As an example - I spent some time trying to distinguish Acmon and Lupine Blue which I summarized in this observation. It was only by accident I ran across some relevant info in another observation.
If this is outside the scope of iNat I’m good with that - but I wanted to get feedback from the community on the best way to make this type of info available.
I would suggest reading and chiming in on this topic and maybe some of the related topics linked therein.
What some folks do, lacking the more organized functionality being discussed, is create journal posts for specific ID information, and put links to those posts in relevant observation comments etc.
I love the idea of a wiki.inaturalist.org that someone talked about in the thread Jim linked to.
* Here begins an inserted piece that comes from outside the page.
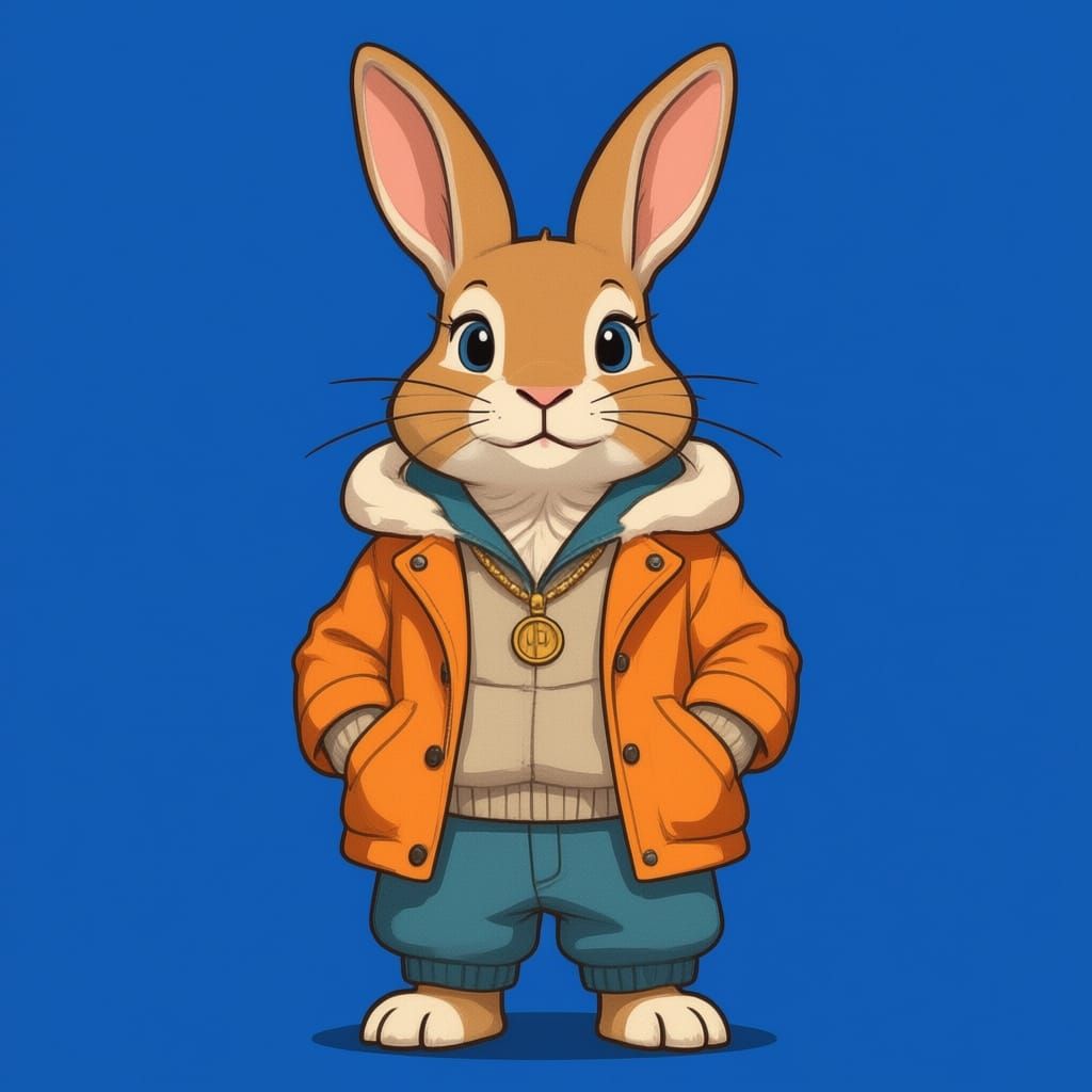 This image shows a realistic rabbit standing upright and wearing modern clothing. The animal has a human-like posture and expression, rendered with detailed fur texture and photorealistic lighting in a vibrant NFT art style.

In the meantime, to what extent is Wikipedia an appropriate place to record some of this kind of information?
I would say that iNat already does handle range information really well. On each taxon page is the map tab which offers a minimum of 3 different sources of information on ranges:
from iNat observations
from GBIF.org observations which will cover way more data sources
dedicated range map (not available for everything, usually only at species levels)
In terms of using Wikipedia, one of their guidelines is that they are not a guide, I can’t find it, but it is in their ‘what Wikipedia is not’ documentation. So were you to add it there, you risk it being deleted by another user enforcing their interpretation of the rules.
As I understand it, description of morphology is allowed, but comparisons etc are not. So adding that an American Lady has 2 prominent underwing circles is fine, but then adding this contrasts to Painted Lady which has 4 is unacceptable.
However, it is possible to have a section in a species article called “Related species” and you can put info in there with links to those species, as long as you don’t say “This is how you tell the difference between A and B.” It’s all a question of how you do the wording. It must not be obvious that you are telling people how to ID something.
Thanks - I was unaware of some of these resources. I was, however, looking for additional information from the literature. From my quick glance, I’m not sure how useful these are:
from iNat observations
That I was aware of, and is quite useful
from GBIF.org observations which will cover way more data sources
It’s a bit hard to navigate and the butterfly ones I checked are primarily from iNat
dedicated range map (not available for everything, usually only at species levels)
Not sure what you mean my this - there’s the map “tab” but I thought that was just iNat observations. Am I missing something on the taxon page (of Lupine Blue for example)?
I also did not note that there is the checklist map, where as you zoom into the map you get greater detail, in North America down to county (or equivalent) where green means it is on the checklist for that place and has iNat observations and brown means on the checklist but without iNat records.
GBIF has over 1 billion records, iNat is around 35 million, so GBIF will always feature more, but what percent come from iNat will vary depending on the other data sources they integrate from (either regional or taxonomic).
If you need more specific additional butterfly data in North America, then e-butterfly is another option which I am unsure if GBIF integrates.